Lúcio encarou Afonso com uma expressão de incredulidade. Afonso suspirou:
-É... Eu sei...
-E não tem outro jeito?
-Não. Não tem. Não tem por que eu não sei ser diferente. Não tem por que eu sou a porra do produto do meu ambiente. Se eu fosse Frank Costello e meu ambiente fosse um produto de mim, talvez tivesse jeito, mas não é o caso. Eu sou quem eu sou. Eu sou quem eu posso ser. Não é muito, mas é o que dá. E isso não é o bastante. Eu sabia que não era, todos os meus instintos diziam que não era, mas eu ainda assim, ignorei tudo o que eu sei a respeito de tudo, e tentei um salto de fé...
-De fé? Tu?
-Te fode.
Os dois riram.
Lúcio suspirou enquanto Afonso mexia o sorvete já em estado mais pra líquido do que sólido dentro do copo. Tomou fôlego e abriu a boca:
-E se...
-Não. - Interrompeu Afonso. -Nós passamos da fase do "E se". Acho até que já tem mais gente na parada.

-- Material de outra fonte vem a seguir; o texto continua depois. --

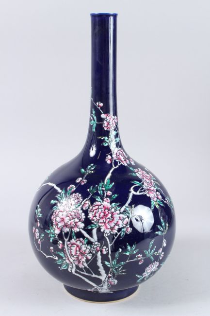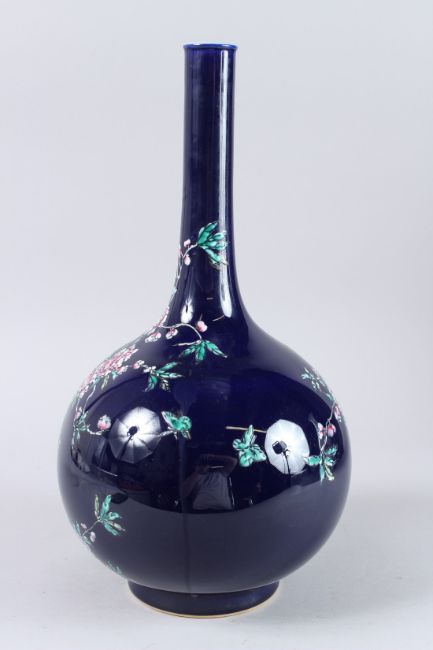 A QING DYNASTY STYLE GLAZED COLOURED PORCELAIN BOTTLE decorated with peonies.
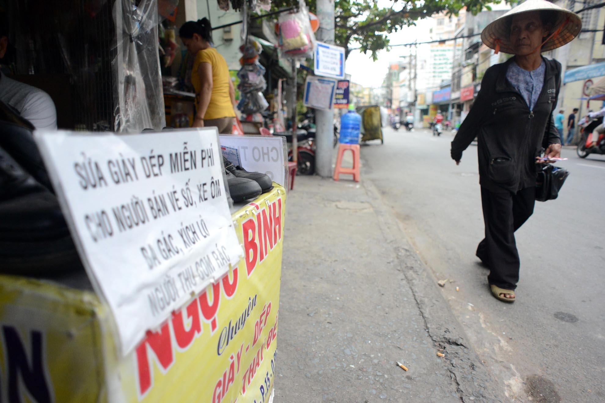 | Lâu nay, những ai đi ngang qua đường Huỳnh Văn Bánh, quận Phú Nhuận (TP.HCM) đều bị thu hút bởi tấm biển "Sửa giày dép miễn phí cho người bán vé số, xe ôm, ba gác, xích lô, người thu gom rác". |
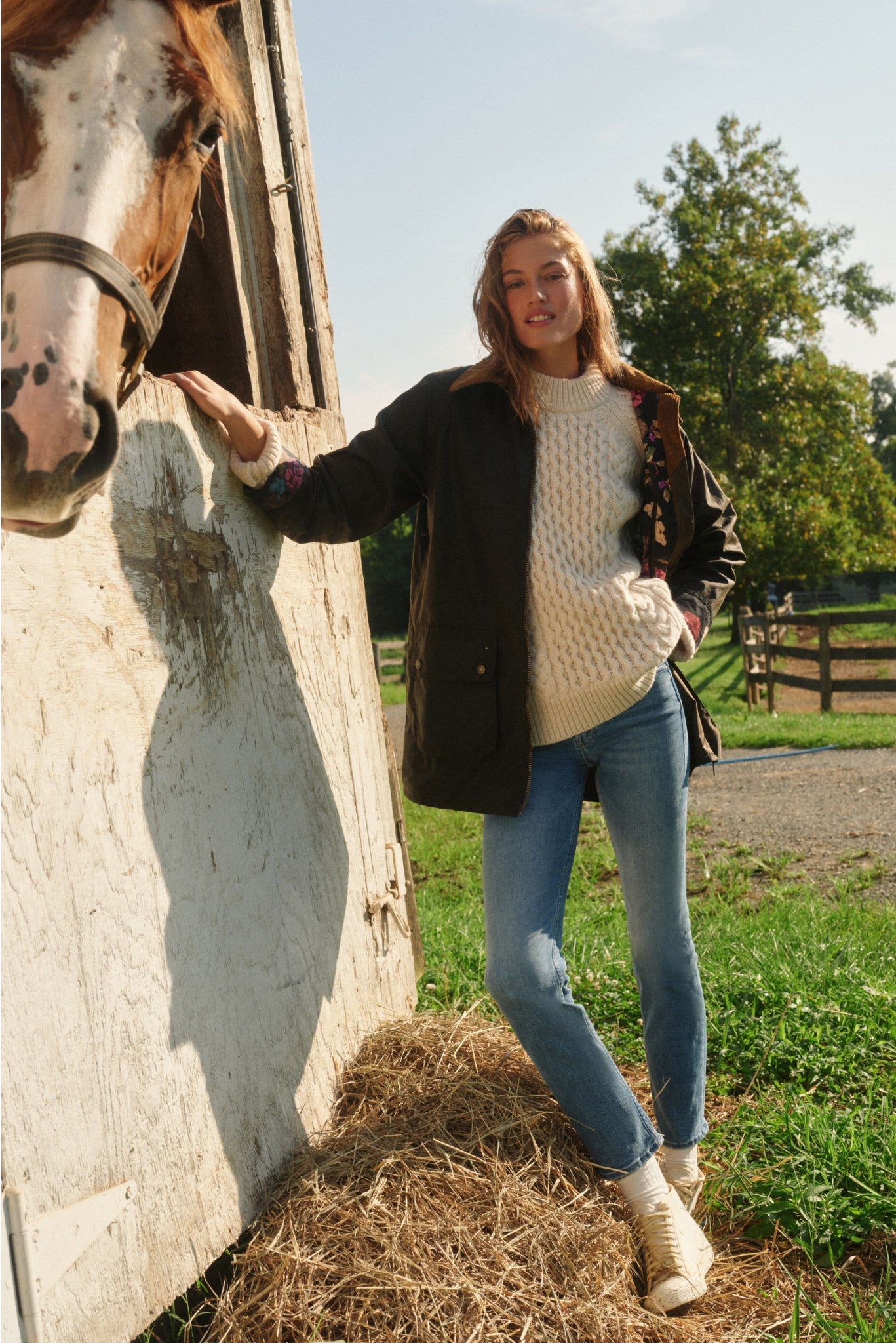 The most classic piece in this limited-edition collection, the Elodie wax takes inspiration from Barbour’s beloved Highclere jacket. Reminding us of the coats Queen Elizabeth II wore during visits to Balmoral Castle, this long, all-weather jacket is made in Barbour’s iconic archive olive wax, allowing it to withstand wind, rain, and your busy schedule. It’s practical with its detachable hood and handy D-ring, but the Baroque Floral lining adds a touch of whimsy.
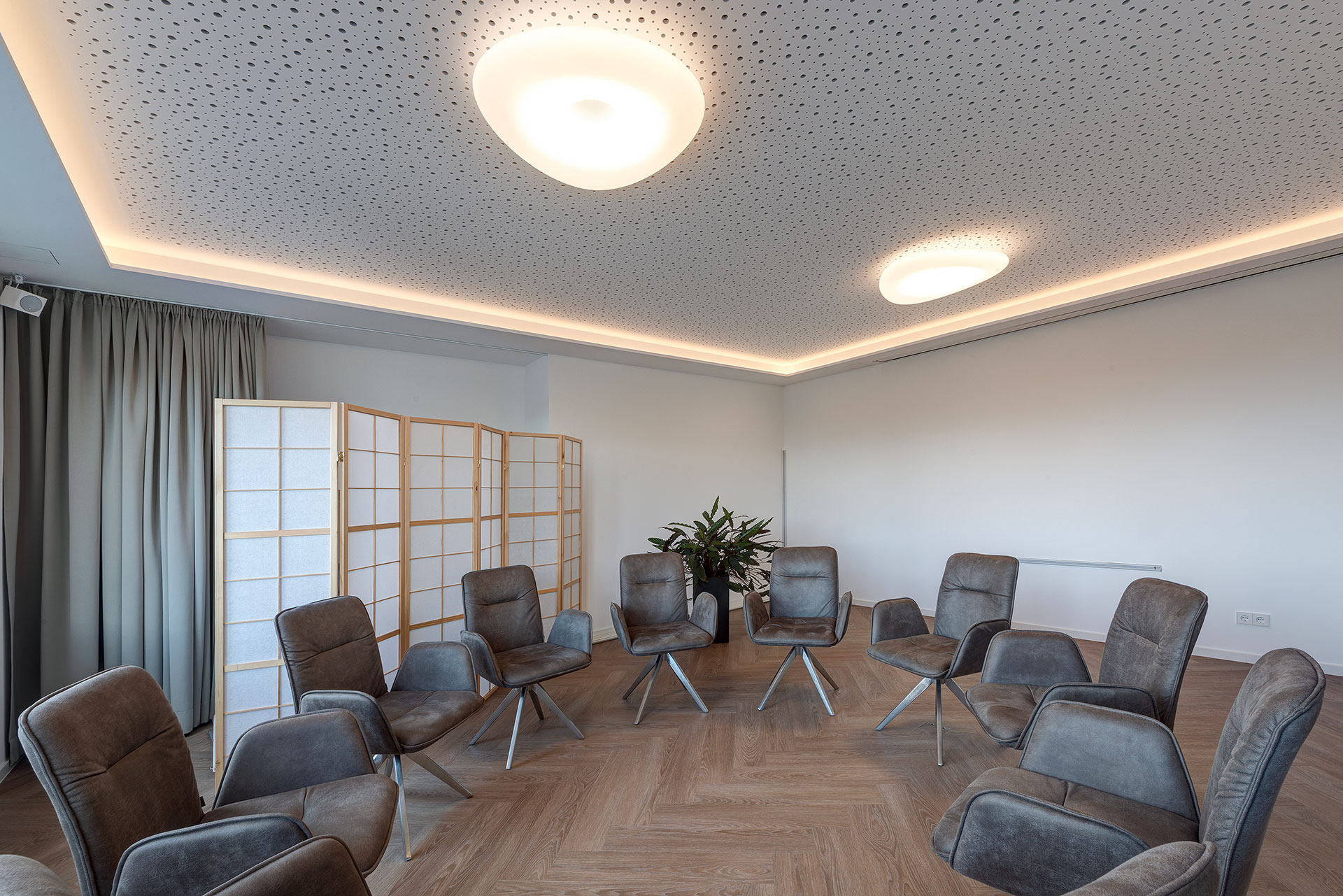 PSYCHIATRISCHES ZENTRUM, HANNOVER RAUM FÜR RUHE UND PRÄZISION ATMOSPHÄRE, DIE STÄRKT – GESTALTUNG, DIE WIRKT. BAUTAFELFertigstellung: September 2025Projekt:Modernisierung Psychiatrisches Zentrum, HannoverBauherr/Eigentümer:Psychiatrisches Zentrum, Stefan BeerboomArchitektur:btp Architekten, HannoverTrockenbau:Germerott Innenausbau GmbH & Co. KGFotos:Ralf Mohr Photographie Projektbeschreibung In zwei Bauabschnitten verwandelte Germerott eine ehemalige Büroetage in ein modernes psychiatrisches Zentrum. Ziel war eine funktionale, sichere und zugleich angenehm ruhige Umgebung, die höchsten Anforderungen an Akustik, Komfort und Gestaltung gerecht wird.Der erste Bauabschnitt (ca. 200 m²) umfasste die vollständige Entkernung und den Neuaufbau mit sieben Patientenzimmern, Empfangsbereich, modernen Sanitärräumen und Technikzonen. Hochwertige Schallschutzelemente, Akustikdecken mit Lichtvouten und präzise ausgeführte Details schaffen eine Atmosphäre der Ruhe und Wertigkeit.Auch komplexe Eingriffe – vom Schließen eines Aufzugsschachts bis zu Brandschutz- und Estricharbeiten – wurden mit höchster Präzision umgesetzt. Ein besonderes Detail ist die integrierte Leinwand im GK-Fries – ein Beispiel für handwerkliche Genauigkeit und durchdachtes Design.Im zweiten Bauabschnitt (ca. 100 m²) wurde das Konzept konsequent fortgeführt: Neue Raumabtrennungen, WC-Einheiten und Deckenlösungen verbinden Funktionalität und Ästhetik. Linien, Materialien und Lichtführung greifen harmonisch ineinander und schaffen ein Gesamtbild von Klarheit, Ruhe und Qualität.Dezente Verkleidungen lassen technische Installationen nahezu verschwinden – das Ergebnis ist eine moderne Umgebung, in der Architektur und Handwerk perfekt zusammenspielen. PDF DOWNLOAD DES PROJEKTS Ziel der Umbaumaßnahme war eine angenehm ruhige Umgebung, die höchsten Anforderungen an Akustik, Komfort und Gestaltung gerecht wird. Die sanfte, indirekte Beleuchtung verleiht den Räumen ihre ruhige, fast schwebende Wirkung. Ich möchte noch mehr Referenzen aus dem Bereich Handel & Dienstleistung sehen. Ich habe ein Projekt, dass ich gerne mit Germerott umsetzen möchte. Hier gleich Anfrage starten Alle Referenzprojekte entdecken « Zurück zur Übersicht Projektdetails Leistungen / Herausforderungen

-Isso é linguagem da prisão? - Riu Lúcio.
Afonso riu, também. Olharam pra distância. O céu já estava escuro, apenas com rajadas de cor de laranja e rosa junto ao horizonte.
-Vamo indo? - Perguntou Afonso.
-Vamos. - Assentiu Lúcio, levantando-se e jogando o seu resto de sorvete na lixeira. Afonso se levantou e foi acompanhando o amigo carregando o que ainda restava de sorvete em seu copo consigo.
-Tu ainda vai comer esse troço derretido? - Perguntou Lúcio.
-Eu vou levar ele pra casa. Vou colocar no freezer em potência alta, deixar estar, e torcer pra que ele esteja apresentável amanhã, e quem sabe, eu, ou outra pessoa queira ele...
Lúcio sorriu colocando a mão no ombro do amigo:
-Que analogia mais gay.
-Vai te foder. - Replicou Afonso, rindo.